EU sanctions: Commission publishes recommendations on assessing and countering sanctions breach risks

The European Commission has published guidance to help European businesses properly identify, assess and understand the potential risks of sanctions evasion and how they can avoid it.

The European Commission (EC) stated that this guidance aims to provide a general overview of what EU operators should do when carrying out due diligence as required by current EU legislation.

“According to EU law, EU operators are required to exercise due diligence to ensure that their business partners do not exceed EU sanctions when trading with third countries,” the Commission’s press release emphasizes.

In fact, the recommendations presented are a practical guide explaining the sequential steps that EU operators should follow when conducting a strategic risk assessment.

“This should reduce the impact on sanctions evasion plans as much as possible. Guidance is also provided to European operators most exposed to this risk on the application of enhanced due diligence, in particular by providing best practices for assessing business partners, transactions and goods” – stated in the instructions.

The recommendations also include a list of warnings (so-called red flags) that concern business partners and customers and are indicators of warnings about possible risks at the stage when a commercial relationship with a new trading partner is just beginning.

The report states that the European Union has implemented unprecedented restrictive measures in response to Russia’s war against Ukraine and Belarus’ involvement in that war.

“Faced with the scale of these sanctions, Russia is implementing increasingly complex plans and methods to circumvent these measures. Using such complex methods, Russia is trying to obtain goods that its military-industrial complex desperately needs to continue its war of conquest against the people of Ukraine.” ,” the statement states.

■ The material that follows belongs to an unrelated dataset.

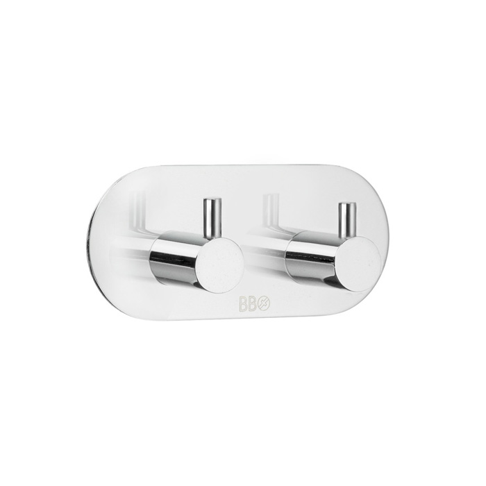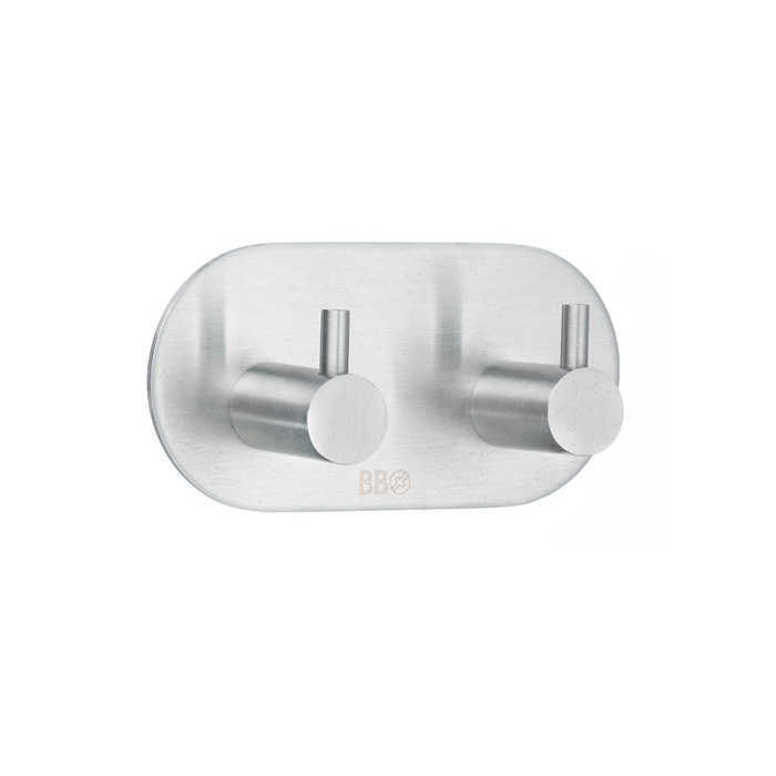 Handdukskrok Beslagsboden 1102 är en dubbelkrok som enkelt monteras eftersom den är självhäftande.

But as Mairead McGuinness, Commissioner for Financial Services, Financial Stability and Capital Markets Union, stressed, the EU’s support for Ukraine is unwavering.

“EU sanctions are having a real impact on Russia’s ability to fight, and so Russia is desperately looking for ways to get around them. The ways in which Russia will get around our restrictions are becoming increasingly complex and opaque. So this practical guide addresses the concerns of European exporters.” We help them recognize it and reduce the risk of evading sanctions,” the European official testified.

Let’s remember this the other day Focus He wrote that the EU has introduced new sanctions against Russians: Russians will not be able to enter EU countries with their own cars and smartphones. The EC also plans to introduce taxes on profits from frozen assets of the Russian Federation.

However, on August 30, The Financial Times reported that Russia still imports significant amounts of liquefied gas into the EU and that the Russian economy is recovering despite the sanctions.